Written by Paul Kelly
Inconsistent data and definitions make doing your homework essential.
Public awareness of global social injustice and the effects of climate change have increased significantly since Covid first wrought its chaos on the world, bringing with them a growing appetite for and availability of ESG-labelled investment products. Equity portfolios, fixed income and money markets have all entered the ring and the passive investment space is starting to muscle in on the active market. With investment opportunities growing by the day, how can stakeholders sort authentic prospects from unethical or irresponsible options?
Hunger for ESG-focused investments is insatiable currently. At 2020’s close, around $38tr in assets under management carried the label, up 24% from 2018, and assets look on track to grow to more than $53tr globally by 2025. Consumers and investors have started applying pressure on companies to demonstrate their ESG credentials at board level, through the products and services they offer and by way of their financing. They want to fund organisations whose activities have a positive impact. And they want proof.
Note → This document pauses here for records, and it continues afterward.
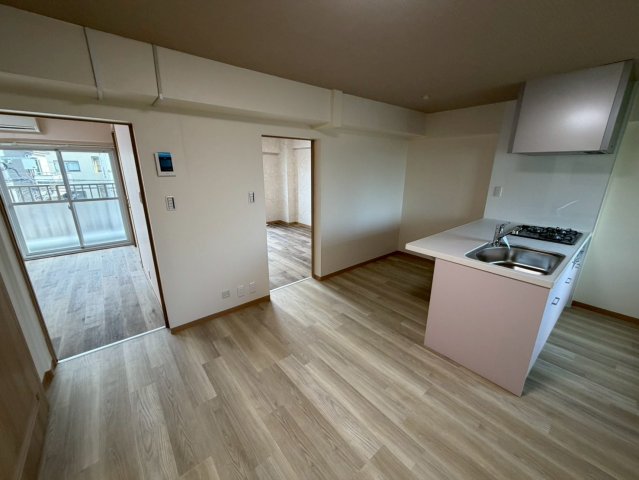 2DK+Sという間取りでしたが、SとDKをつなげ広々としたLDKにリフォームさせて頂きました。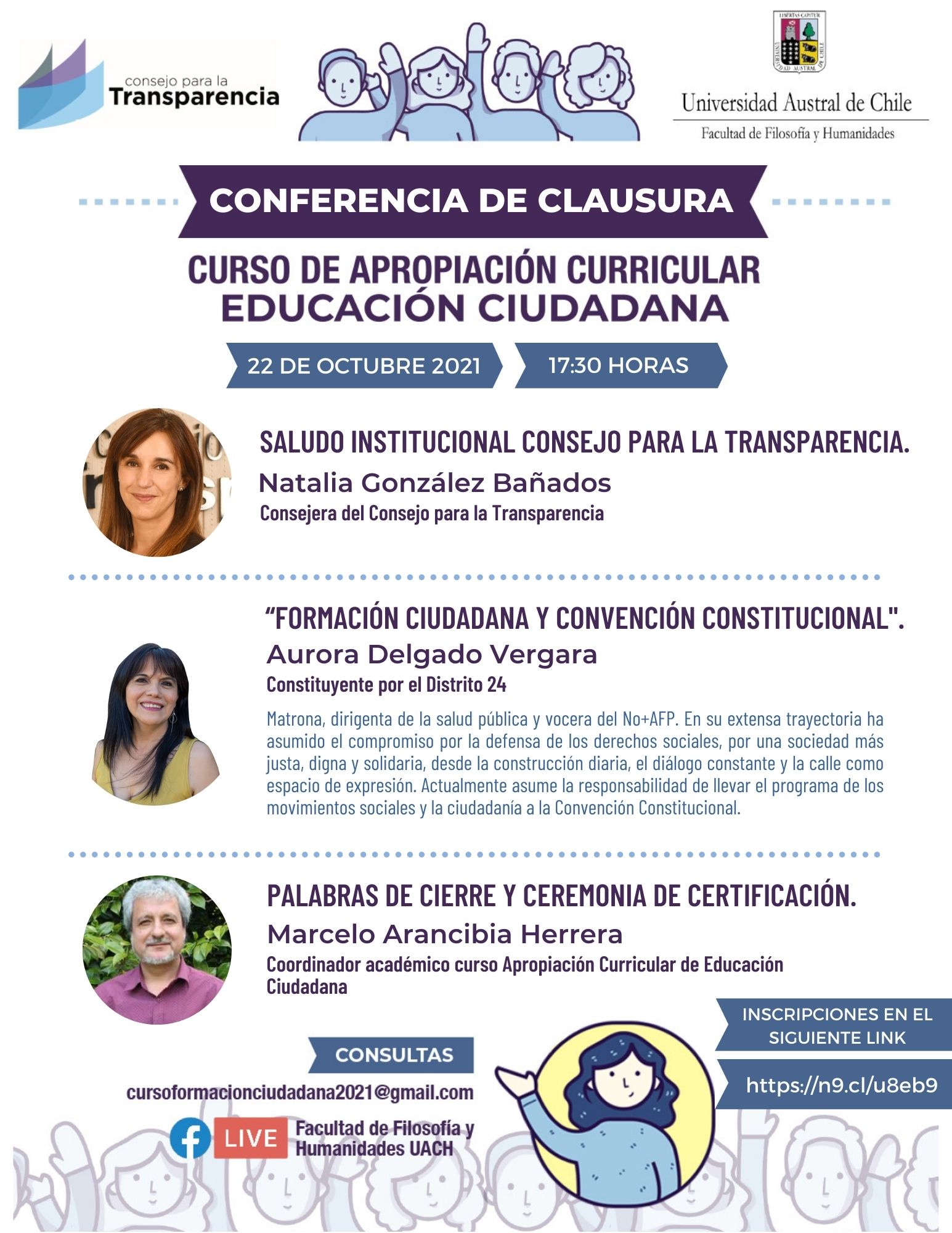 La actividad contará con la presencia de Natalia González Bañados del Consejo para la Transparencia, quién entregará un saludo inicial en la actividad, seguido de la ceremonia de cierre y entrega de certificados dirigida por el coordinador académico del Curso de Apropiación Curricular y Formación Ciudadana, Dr. Marcelo Arancibia, finalizando con la conferencia de la Convencional Constituyente Aurora Delgado.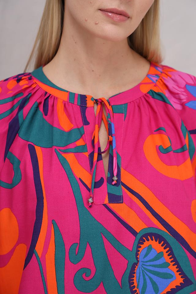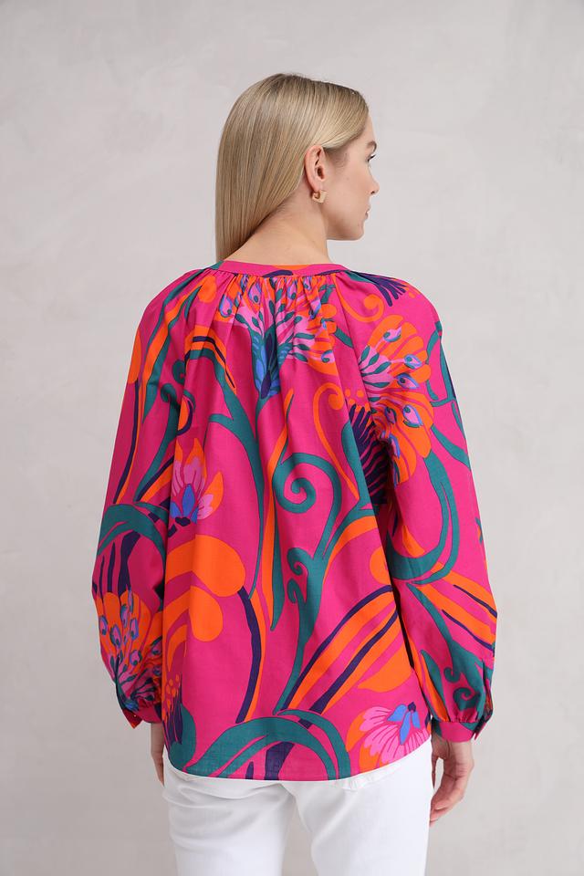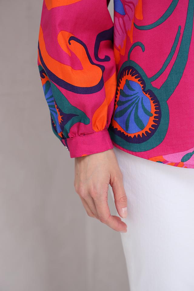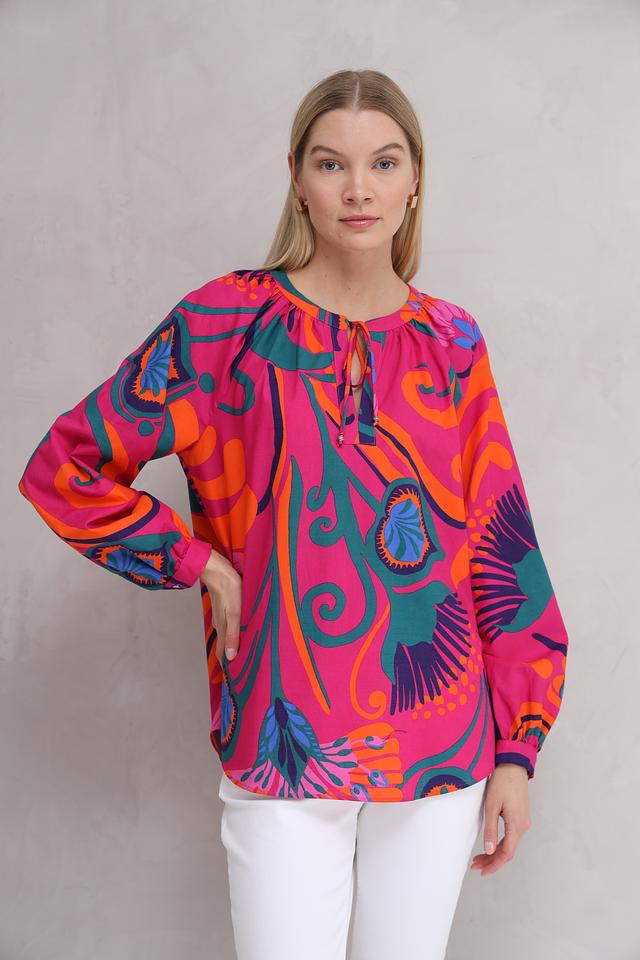 Особенностью данной модели является эффектный цветочный принт в ярких оттенках фуксии, оранжевого, зелёного и синего. Эта блуза идеально подойдет для создания как повседневных, так и праздничных образов. Она прекрасно сочетается с белыми брюками, джинсами или юбками.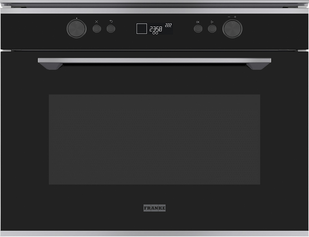 Духовой шкаф Franke FMY 45 MW XS/ Best, Электрический компактный духовой шкаф с СВЧ, 595х455х554, серия MYTHOS, 40л, 7 функций, автоматические программы, ЖК дисплей с электронным управлением, функция приготовления на пару, нержавеющая сталь/черный

There lies the problem; a lack of consistent definitions, reporting obligations, data clarity and ratings standards globally means that investors’ money may wind up in the very industries they wish to avoid. How ethical is tobacco? Does fossil fuel belong in the ESG space? Multiple different regulatory and governmental bodies have implemented or are considering agreed standards. The EU issued its Sustainable Finance Disclosure Regulation (SFDR) in March this year and the FCA recently published an open letter to authorised fund managers setting out its sustainable investment guiding principles, this in response to the many poorly drafted, unclear applications it’s received whose goals lack clarity: “They often contain claims that do not bear scrutiny.” Add to these the work being done by the Treasury Committee, the Task Force on Climate-Related Financial Disclosures and numerous other interested bodies across the globe and the lack of uniformity is glaring.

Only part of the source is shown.